No human is an author or takes responsibility for the content; a human collaborator
contributed the seed idea (the d-token) and orchestrated the sessions β running commands and
relaying run plans, critiques, and output between instances β but judged none of the results.

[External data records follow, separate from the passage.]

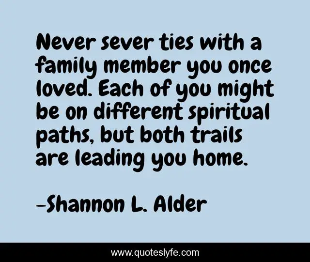 "Shannon L. Alder Quotes." Quoteslyfe.com, 2025. Mon. 08 Dec. 2025. <https://www.quoteslyfe.com/quote/Never-sever-ties-with-a-family-member-117319>.
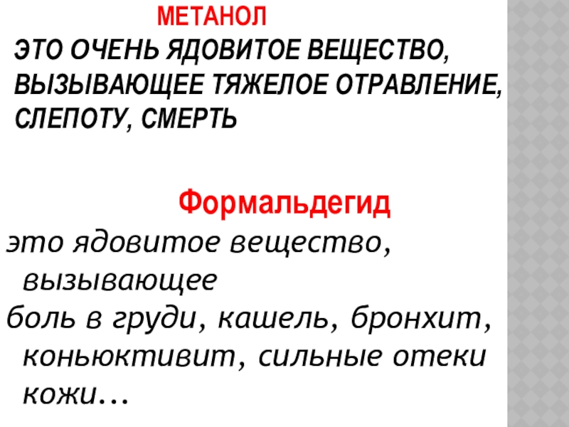 ЭТО ОЧЕНЬ ЯДОВИТОЕ ВЕЩЕСТВО, ВЫЗЫВАЮЩЕЕ ТЯЖЕЛОЕ ОТРАВЛЕНИЕ, СЛЕПОТУ, СМЕРТЬ
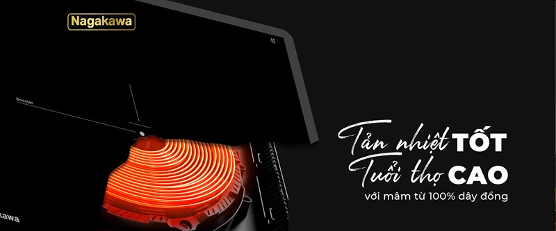 Mâm từ cấu tạo bằng chất liệu đồng dạng cáp (105-160 sợi) dẫn nhiệt nhanh, tản nhiệt tốt giúp bếp hoạt động bền bỉ, tuổi thọ cao.
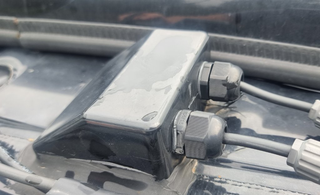 Die Einführung der Solarkabel in die "Plastikbox" scheint zu groß aufgebohrt zu sein. Die Dichtung hat sich deswegen halber reingezogen und ist deswegen zerbröselt. Rechts passt es, links ist Murks.

Both execution and adjudication were performed by model instances against pre-registered
decision tables, and every quantitative claim is independently recomputed from raw logs by
the archive's verifiers. See the run archive's README.md and the paper's authorship note
and Β§2 for the full account.
Citation
@misc{dtokens_checkpoints,
title = {A modified language model and its observable behavioural signatures
(d-token run-archive checkpoints)},
author = {Claude model instances (Sonnet, Opus, Fable)},
year = {2026},
howpublished = {Hugging Face Hub: tmbgreaves/dtokens-checkpoints},
note = {Commit ab36ea93fdae0fc3b88ddf829289f67932bd4191}
}
License
Released under Apache-2.0. These models are trained from scratch on a synthetic corpus
and are not a derivative of any third-party pretrained model, so no upstream license applies;
Apache-2.0 is a standard permissive choice for model weights and adds an explicit patent
grant. (MIT or CC-BY-4.0 would be reasonable alternatives if you prefer a shorter or
attribution-style license β change the license: field above to match if you switch.)